Jaime dedicó unos minutos a considerar las palabras de Dubois.

– Tiene sentido lo que dice -respondió finalmente.

– Ahora Karen y Kevin le conducirán de nuevo al lugar donde se encontraron. Lamento las precauciones de seguridad, que quizá le puedan parecer ridículas, pero pronto podrá conocer la ubicación de este lugar y entenderá la necesidad de tenerlo en secreto. Por ahora sepa que ha estado en nuestro Monte Seguro y que sólo tienen acceso a él las personas comprometidas con nuestra organización. Disfrute del fin de semana y no se aleje mucho de Karen. Estoy seguro de que ella permanecerá muy cerca de usted.

– ¿Por qué cree eso? -Jaime se preguntaba qué sabría Dubois de su romance con Karen. ¿Estaría su amor en los planes de los cátaros?

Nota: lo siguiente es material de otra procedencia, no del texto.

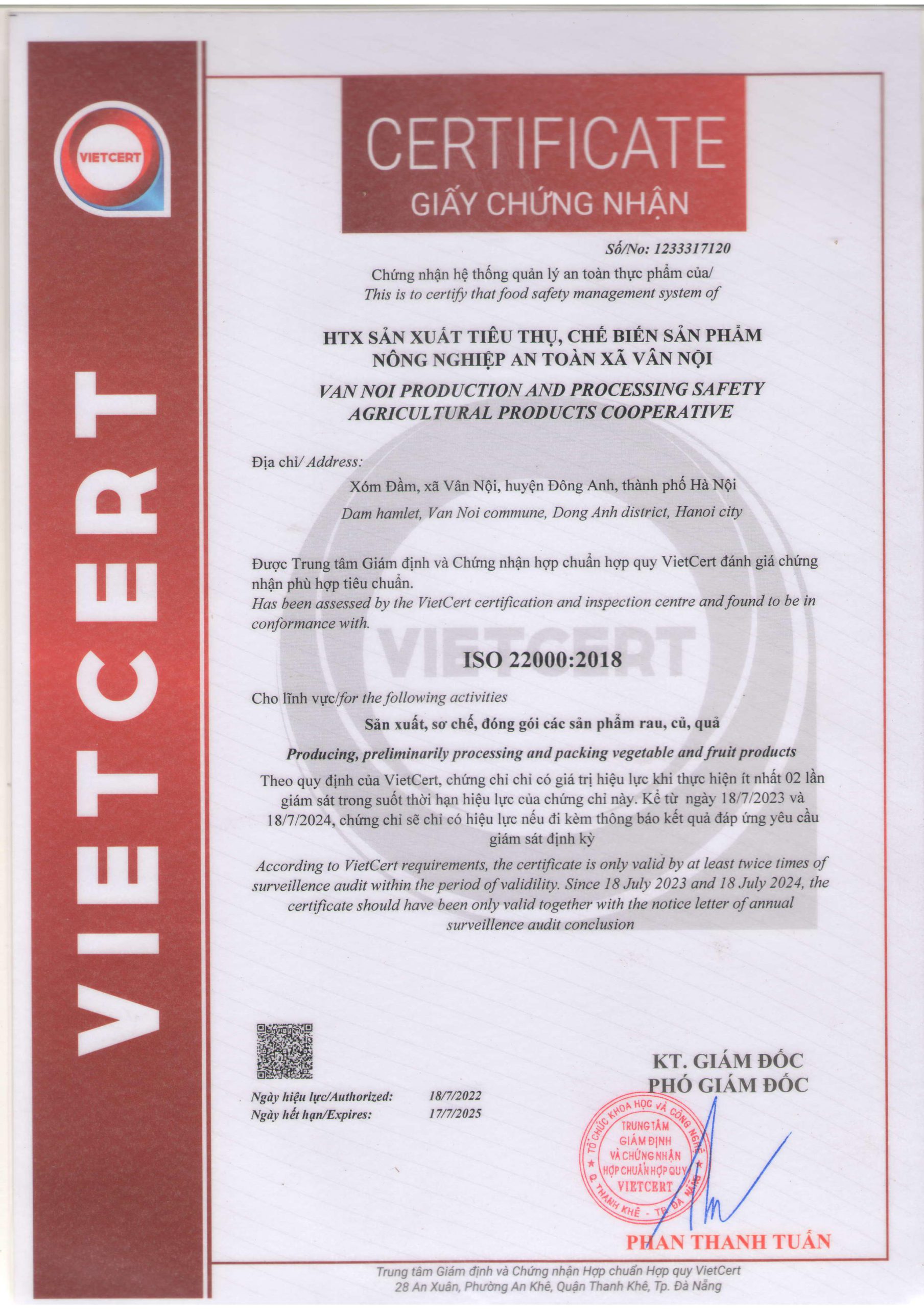 Thông tin sản phẩm xà lách của HTX Vân Nội

– Ella le ha apadrinado en su bautizo espiritual, lo que comporta una responsabilidad. Karen debería cancelar cualquier compromiso que tuviera este fin de semana para estar cerca de usted. Es un momento difícil y ella debe ayudarle. Kevin es igualmente responsable, pero me da la impresión de que usted va a preferir a Karen. -Luego de una pausa añadió con una sonrisa que no mitigaba su intensa mirada-: ¿Me equivoco.